If the groundhog acts like a mensch, that’s a good sign -- even it's on an entirely overcast day.

But recall the lines written by various poets paying tribute to this season and its promise of good things to come including one who got his senses mixed up.

Calimlin:

I want to hear the warm sun
And feel that robin singing
Watch the scent of the flowers
And smell the butterflies flying
It’s spring, it’s spring.

Shakespeare described spring as a joyous time “when shepherds pipe on oaten straws…and merry larks are ploughmen’s clocks… when turtles tread and rooks, and daws  and maidens bleach their summer smocks.”

Sidney Lanier: “Come out, thou little song of Spring…Float in the blue skies ravishing…”

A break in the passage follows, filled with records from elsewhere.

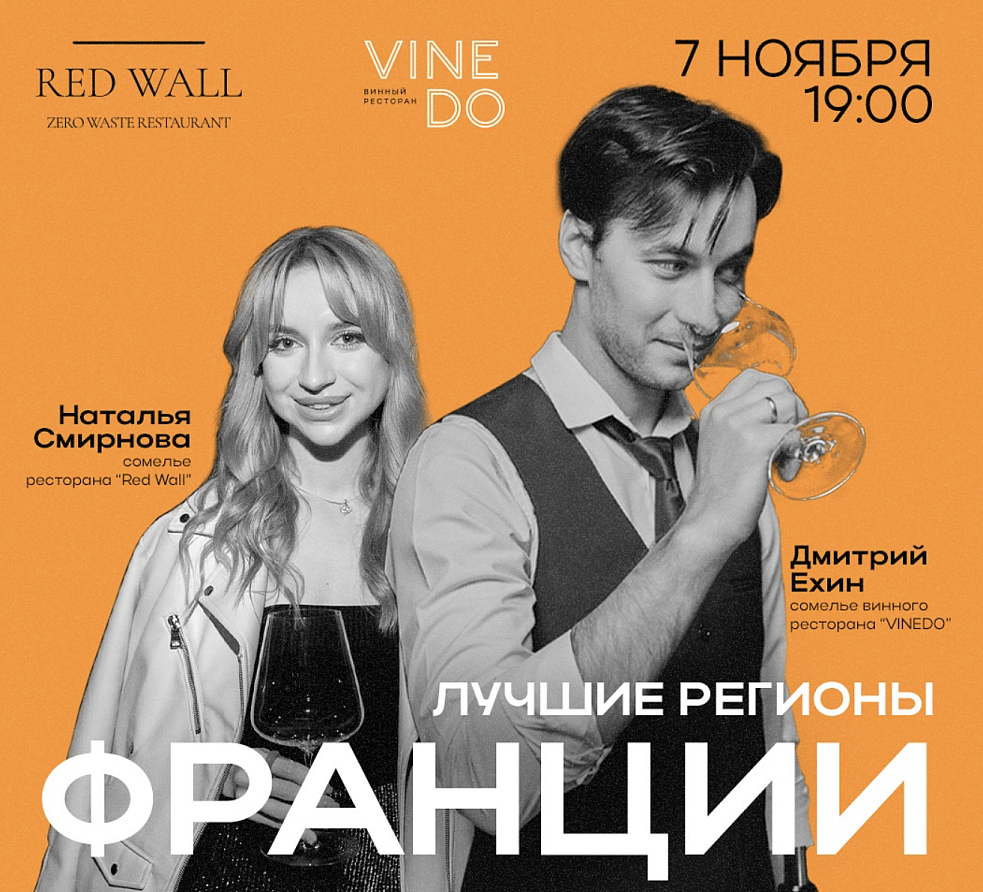 Погрузитесь в мир французского вина на эксклюзивной дегустации, где с вами будут сомелье двух известных ресторанов Нижнего Новгорода— Дмитрий Ехин из винного ресторана Vinedo и Наталья Смирнова из ресторана Red Wall.
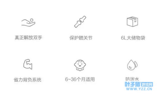 这款包包集腰凳、背带、妈咪包于一身 ,可以装下宝宝出行所需的奶粉、尿不湿等全部物品,更重要的是它能轻松背负6-36个月的宝宝,仿登山包舒适减压背负系统为宝妈减负同时解放妈妈的双手,更好地和宝宝互动,让妈妈也能轻松出行。
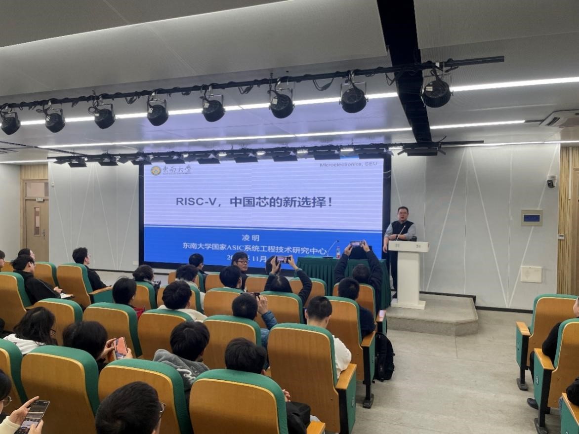 研讨会上,东南大学国家ASIC系统工程技术研究中心凌明教授、钟锐教授分别作题为《RISC-V,中国芯的新选择》《自主多芯片嵌入式系统开发》的主旨报告。
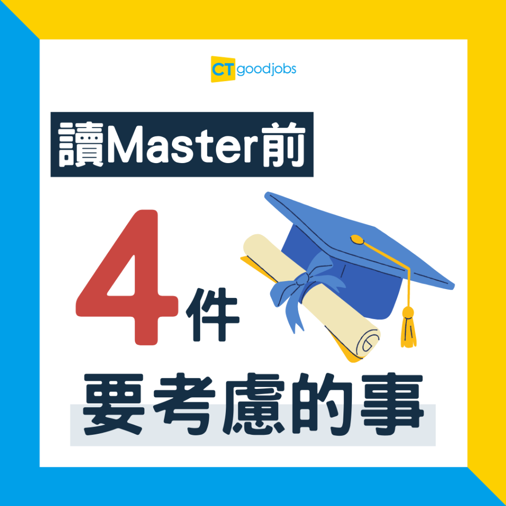 讀Master最大的掙扎一定是時間和金錢,碩士課程至少花費數十萬。你要知道付出的錢和得到的收穫未必成正比,以你的人工要多久才回本呢?如果半工讀的話,你又有心理準備一邊工作一邊讀書嗎?大家需要定下清晰目標,善用金錢和時間。
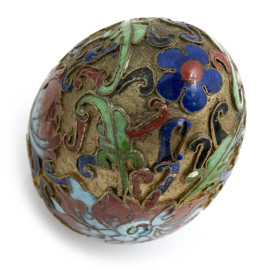 Lotto di tre uova in materiali diversi e un poggiacarte con sfera in marmo, XX secolo, misure massime cm 16

Von Schiller: “Welcome, gentle Stripling
Nature’s darling thou! With thy basket full of blossoms...happy welcome now…”

Or, if you prefer Crosby and Sinatra and the songs of World War II vintage: “It’s spring again/And birds on the wing again/Start to sing again/the old melody/I love you/That’s the song of songs And it all belongs to you and me...”

So, buck up!  From the ice-glazed streets of Queens to the hills and rills of Riverdale, Spring is coming.

And soon we’ll hardly remember the ice and snowstorms, the chill Siberian winds that afflicted us in our grim winter. Spring springs eternal in the human heart.